US 11,868,316 B2
Event management device and method
Thibault Serot, Waverton (AU); Maxime Godeau, Bourg des comptes (FR); Jeremy Teyssedre, Vallauris (FR); Mathieu Philippe Alexis Beynel, Pegomas (FR); and Amar Muharemovic, Antibes (FR)
Assigned to AMADEUS S.A.S., Biot (FR)
Filed by AMADEUS S.A.S., Biot (FR)
Filed on Apr. 1, 2020, as Appl. No. 16/837,473.
Claims priority of application No. 1903521 (FR), filed on Apr. 2, 2019.

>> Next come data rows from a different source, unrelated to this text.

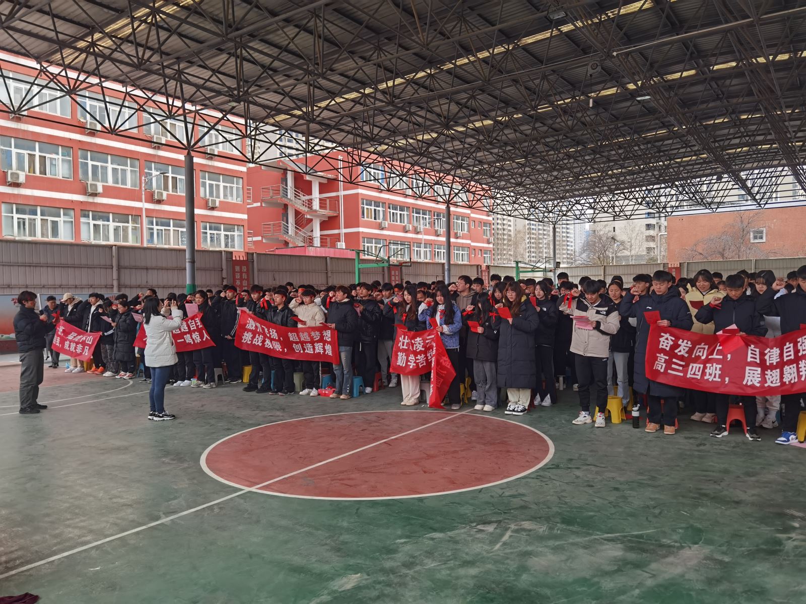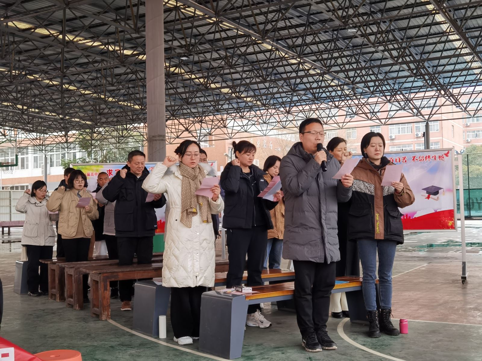 一百天的汗水,将收获六月丰硕的果实,一百天的拼搏,将嘹亮六月胜利的凯歌。随着大会的气氛愈发热烈,全体学生壮怀激烈地庄严宣誓,用响彻云霄的呼喊彰显青春蓬勃的朝气,表达高考必胜的决心。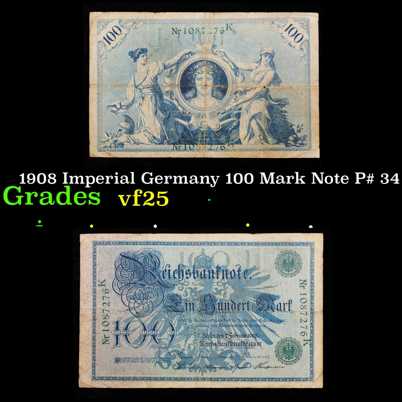 1908 Imperial Germany 100 Mark Note P# 34 Grades vf+.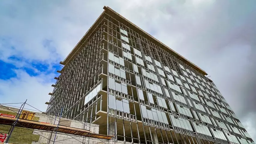 ГК А101 на 95% завершила кладочные работы по устройству внутренних и внешних стен, а также работы по устройству кровли в бизнес-квартале Прокшино.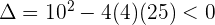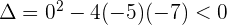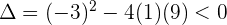 Como el discriminante es negativo, entonces no tiene raíces reales. Le damos al polinomio cualquier valor, por ejemplo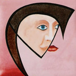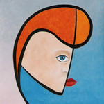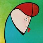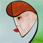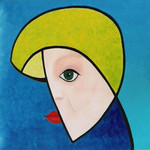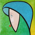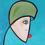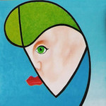 2004Op rubberdoek geschilderd,met olieverf en fluoricerend pigment.De achtergrond is een overgang van één kleur naar een volgende. Het gezicht geeft weer waar ik mijn inspiratie haal.

Prior Publication US 2020/0320038 A1, Oct. 8, 2020
Int. Cl. G06F 16/17 (2019.01); G06F 16/182 (2019.01); G06N 20/00 (2019.01)
CPC G06F 16/1734 (2019.01) [G06F 16/182 (2019.01); G06N 20/00 (2019.01)] 11 Claims
OG exemplary drawing
 
1. An event management device for managing events, the event management device comprising:
an event detector configured to:
(i) detect the occurrence of an event related to data delivered by a data delivery system, and
(ii) extract user data related to the detected event from a user data storage, the extracted user data comprising user data stored in at least one entry of the user data storage; and
a rule manager configured to:
(i) select one or more rules based on at least one of the detected event or the extracted user data, and
(ii) determine one or more actions to be executed by applying the selected one or more rules using said extracted user data, wherein the one or more actions to be executed are determined in the form of a logical combination of actions using at least one Boolean operator;
wherein the event detector is further configured to trigger execution of the one or more determined action based on respective action relevance scores associated with the actions of the logical combination in an action relevance database; and
wherein the rule manager is further configured, in response to execution of the one or more actions, to:
receive, from each of a plurality of users, a respective feedback value corresponding to the one or more actions,
determine whether the number of feedback values received exceeds a threshold,
when the number of feedback values exceeds the threshold, execute a machine learning engine to determine an updated action relevance score for each executed action,
dynamically update the selected one or more rules based on the action relevance score, and
store, in the action relevance database, the updated action relevance scores for each executed action.